TASK GOAL.
Repeat every line from the line containing "The circuit, built" to the end of the data, exactly. Leave the pictures out.

START GIVEN MATERIAL

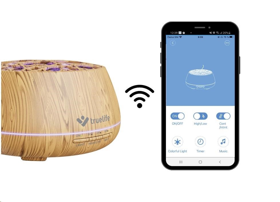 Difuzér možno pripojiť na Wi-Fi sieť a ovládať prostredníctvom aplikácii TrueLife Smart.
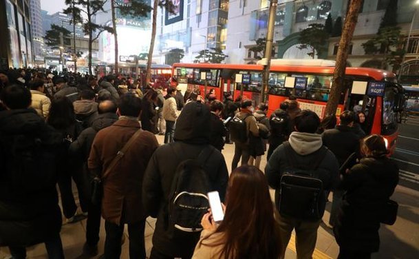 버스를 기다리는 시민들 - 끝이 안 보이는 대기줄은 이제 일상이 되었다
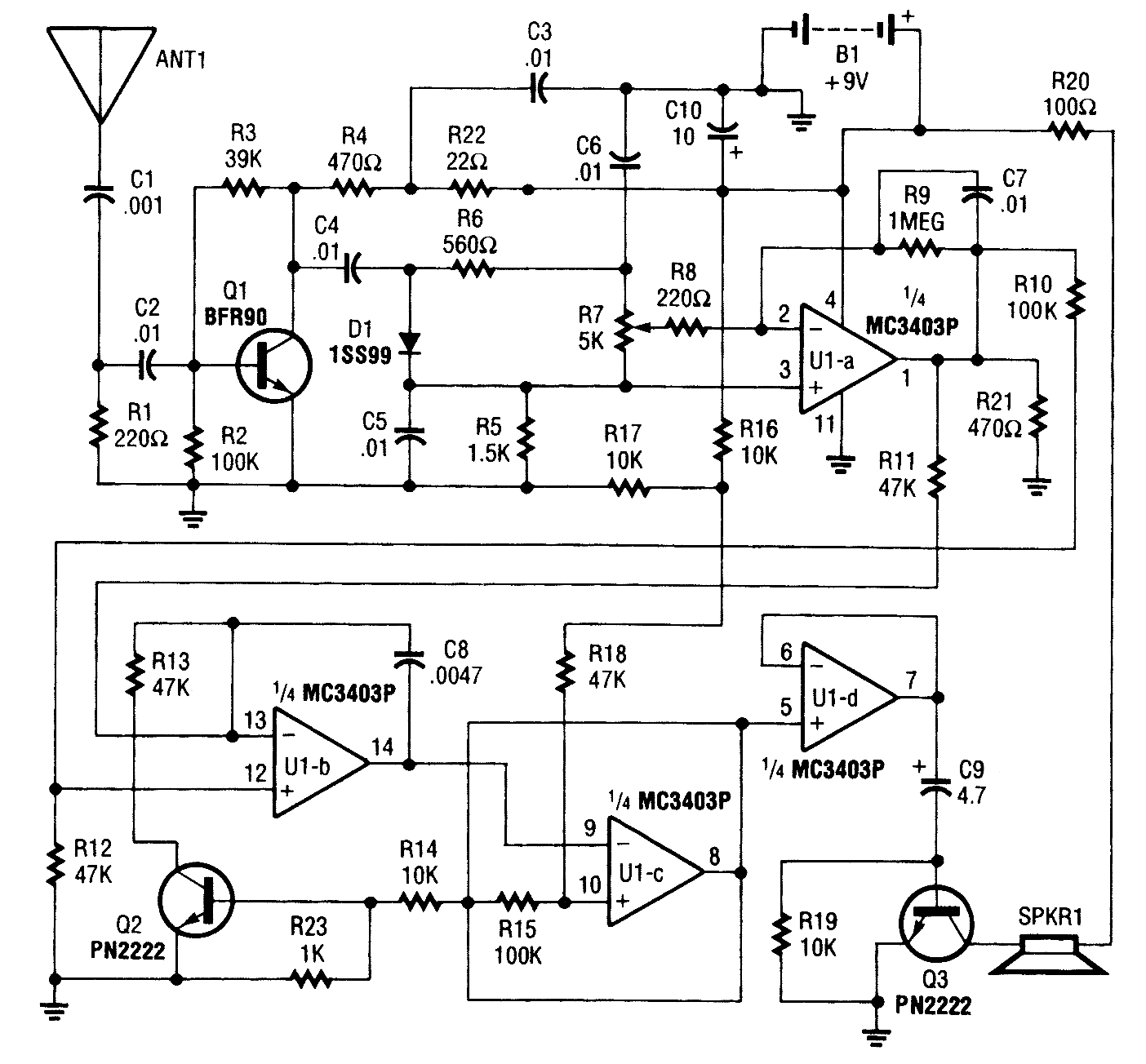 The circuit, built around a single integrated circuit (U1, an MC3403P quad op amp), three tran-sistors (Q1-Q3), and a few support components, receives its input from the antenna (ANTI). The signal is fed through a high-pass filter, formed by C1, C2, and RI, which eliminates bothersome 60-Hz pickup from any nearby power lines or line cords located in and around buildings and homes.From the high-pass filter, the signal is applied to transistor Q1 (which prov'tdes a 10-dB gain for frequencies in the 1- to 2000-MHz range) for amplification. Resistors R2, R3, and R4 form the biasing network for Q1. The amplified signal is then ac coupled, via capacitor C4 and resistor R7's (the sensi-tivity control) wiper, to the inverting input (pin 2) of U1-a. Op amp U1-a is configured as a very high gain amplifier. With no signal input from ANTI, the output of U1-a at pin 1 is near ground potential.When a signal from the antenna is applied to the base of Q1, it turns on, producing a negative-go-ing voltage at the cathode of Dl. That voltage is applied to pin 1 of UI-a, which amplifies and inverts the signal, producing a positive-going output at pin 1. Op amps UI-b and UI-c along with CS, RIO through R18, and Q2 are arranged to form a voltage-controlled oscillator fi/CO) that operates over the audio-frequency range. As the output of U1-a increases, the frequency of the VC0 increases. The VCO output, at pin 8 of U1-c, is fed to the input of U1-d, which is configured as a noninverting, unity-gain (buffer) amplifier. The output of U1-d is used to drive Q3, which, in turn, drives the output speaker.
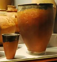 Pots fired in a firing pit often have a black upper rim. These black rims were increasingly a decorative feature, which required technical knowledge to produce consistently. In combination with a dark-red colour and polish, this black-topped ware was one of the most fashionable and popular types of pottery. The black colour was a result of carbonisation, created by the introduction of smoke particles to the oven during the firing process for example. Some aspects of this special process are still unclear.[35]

END GIVEN MATERIAL

ANSWER TO THIS TASK.
 The circuit, built around a single integrated circuit (U1, an MC3403P quad op amp), three tran-sistors (Q1-Q3), and a few support components, receives its input from the antenna (ANTI). The signal is fed through a high-pass filter, formed by C1, C2, and RI, which eliminates bothersome 60-Hz pickup from any nearby power lines or line cords located in and around buildings and homes.From the high-pass filter, the signal is applied to transistor Q1 (which prov'tdes a 10-dB gain for frequencies in the 1- to 2000-MHz range) for amplification. Resistors R2, R3, and R4 form the biasing network for Q1. The amplified signal is then ac coupled, via capacitor C4 and resistor R7's (the sensi-tivity control) wiper, to the inverting input (pin 2) of U1-a. Op amp U1-a is configured as a very high gain amplifier. With no signal input from ANTI, the output of U1-a at pin 1 is near ground potential.When a signal from the antenna is applied to the base of Q1, it turns on, producing a negative-go-ing voltage at the cathode of Dl. That voltage is applied to pin 1 of UI-a, which amplifies and inverts the signal, producing a positive-going output at pin 1. Op amps UI-b and UI-c along with CS, RIO through R18, and Q2 are arranged to form a voltage-controlled oscillator fi/CO) that operates over the audio-frequency range. As the output of U1-a increases, the frequency of the VC0 increases. The VCO output, at pin 8 of U1-c, is fed to the input of U1-d, which is configured as a noninverting, unity-gain (buffer) amplifier. The output of U1-d is used to drive Q3, which, in turn, drives the output speaker.
 Pots fired in a firing pit often have a black upper rim. These black rims were increasingly a decorative feature, which required technical knowledge to produce consistently. In combination with a dark-red colour and polish, this black-topped ware was one of the most fashionable and popular types of pottery. The black colour was a result of carbonisation, created by the introduction of smoke particles to the oven during the firing process for example. Some aspects of this special process are still unclear.[35]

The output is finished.